Quand le vol 7227 décolle de La Havane «en tiempo » Nemesia sèche ses larmes. Le retour vers la vraie vie, c'est pas facile. Elle observe sa ville par le hublot, son Malecon chéri, ses immeubles déglingués mais tellement beaux, la mer, sa mer, sa seule mer chaude et douce comme un ventre. Et puis à quelque part elle imagine la maison, sa maison et sa famille bien sûr qui doit déjà vaquer à ses occupations. C'est pas facile. Elle aussi devra s'y mettre dès son retour. Pas trop de temps pour penser : retour à l'hôpital, le boulot. Heureusement son mari l'attend avec pleins de surprises et puis les surprises qu'elle va lui offrir elle aussi. Nemesia se détend en pensant à lui et à elle, à sa gentillesse. Elle sourit et ferme les yeux.

- Excusez-moi mademoiselle, je vous dérange j'ai fait tomber mes lunettes sous votre siège.
- Non, non, voilà
- Merci. Vous êtes cubaine n'est-ce pas ? Excusez-moi de vous demander ça mais là je suis encore sous le choc du départ. C'est tellement dur de partir... Alors j'imagine que pour vous...

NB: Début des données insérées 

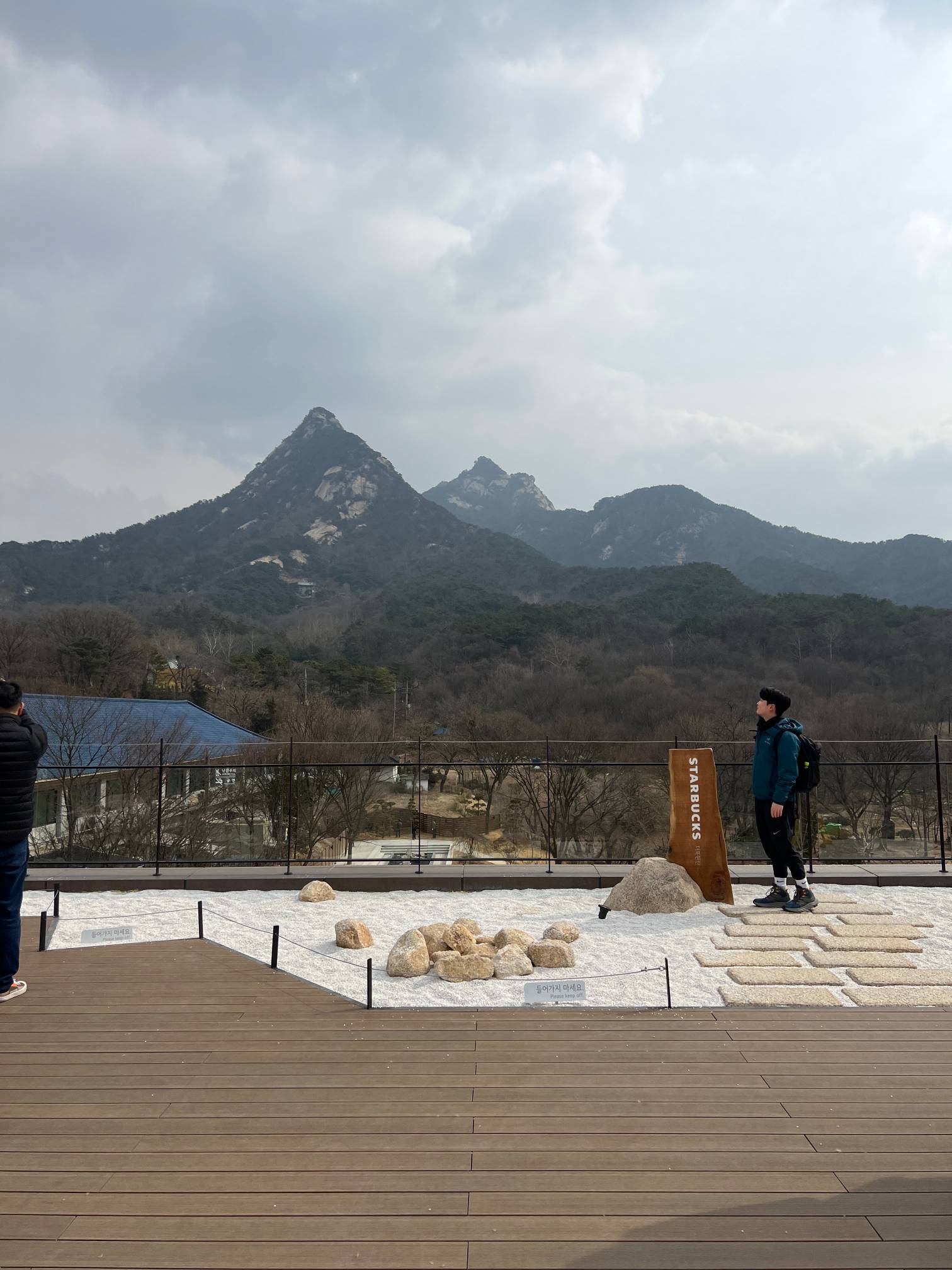 저기 무슨 산 정상에 올라온 것처럼 스타벅스 이름이 새겨진 팻말 같은 게 있다.

- Non, vous ne me dérangez pas, je vous en prie. Oui, je suis cubaine. C'est vrai que le retour n'est pas facile. Vous connaissez Cuba ?
- Oui, enfin c'est à dire que ma fiancée est cubaine.

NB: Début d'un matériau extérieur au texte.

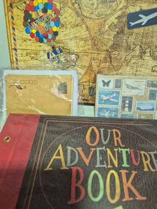 Álbum de fotos con temática de viajes y aventuras, titulado Our Adventure Book. - Diseño de tapa imitando cuero. - Decoración con mapa del mundo y elementos de viaje. - Incluye un pequeño globo aerostático decorativo. Hago envíos o entrego en Alicante, zona pla de la vallonga, no me desplazo

- Ah d'accord ! Alors vous connaissez bien les cubains aussi ?
- Oui, oui. Enfin, je connais bien sa famille, ses amis et puis les voisins du quartier, elle habite dans la Vieille Havane. C'est très touristique et c'est très joli, même si certains immeubles... enfin les immeubles sont tous très beaux et très vieux. Elle habite seule avec son frère dans un petit appartement depuis la mort de leurs parents. C'est une grande maison divisée en plusieurs appartements avec une cour intérieure et des balcons à colonnes à chaque étage. C'est vraiment très beau. Et vous, vous êtes de La Havane ?
- Oui je suis de Miramar, la 50ème rue, près de l'acquarium, c'est loin du centre ! Mais c'est très joli aussi. De larges rues avec de petits jardins devant chaque maison, c'est charmant aussi.

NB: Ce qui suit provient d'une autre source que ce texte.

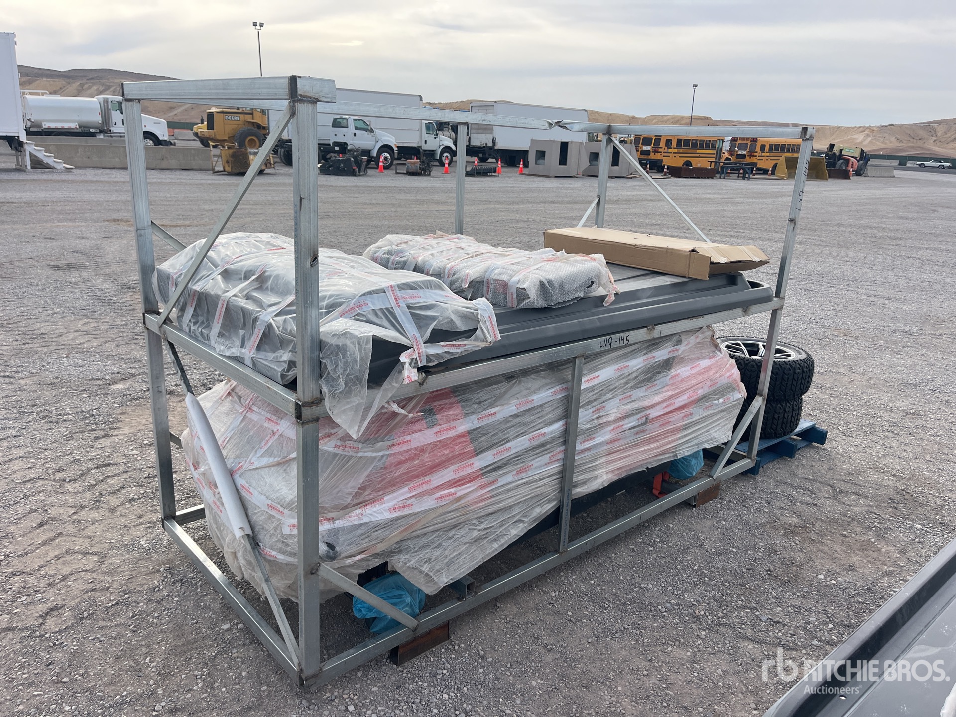 L'équipement n'a pas été testé avec charge ou utilisé dans toutes les situations applicables. Nous ne garantissons en aucun cas le bon fonctionnement de l'équipement conformément aux spécifications du fabricant. Aucune inspection n'a été effectuée pour vérifier tout aspect fonctionnel, sauf indication expresse dans le présent document. Seule une sélection de photos des composants individuels du train roulant sont à disposition, et peut ne pas indiquer l'état de l'ensemble de celui-ci.

- Oui bien sûr ! Je connais un peu Miramar, j'y suis allé plusieurs fois avec le frère de ma fiancée. Je pense que c'est calme ? Parce que la Vieille Havane c'est pas vraiment ça. Moi on m'a volé ma valise le lendemain de mon arrivée.
- Oh ! Je suis vraiment désolée. C'est triste que de telles choses arrivent.
- Oui, sur le moment j'étais vraiment embêté car je me suis retrouvé sans rien. Sans habits ! Et puis j'avais acheté pas mal de choses pour ma fiancée. En juillet j'ai profité des soldes avant de partir et j'ai tout perdu.
- Mais il ne vous est rien arrivé j'espère ? Je veux dire à vous ?
- Non, les voleurs se sont introduits dans la maison pendant qu'on était sortis. C'est sûrement des gens du quartier qui sont jaloux de ma fiancée, c'est ce qu'elle m'a expliqué. Alors quand on est rentrés ils avaient vidé l'appartement. J'ai tout dû racheter : les ventilateurs, le lecteur DVD, heureusement ils n'ont pas pris la télé ! Elle est trop lourde je crois. Ils ont pris aussi mon portable, mon I Pod, celui de ma fiancée et celui que je comptais offrir à son frère. J'avais acheté un petit ordinateur portable pour la maison, ils l'ont pris et puis ma valise. Toutes mes affaires. J'avais encore rien eu le temps de sortir, je venais d'arriver...
- Oui malheureusement ces choses arrivent parfois. Mais c'est rare quand même, quel dommage que ça soit tombé sur vous. Je suis désolée, vraiment, j'espère que cela n'a pas gaché votre séjour ?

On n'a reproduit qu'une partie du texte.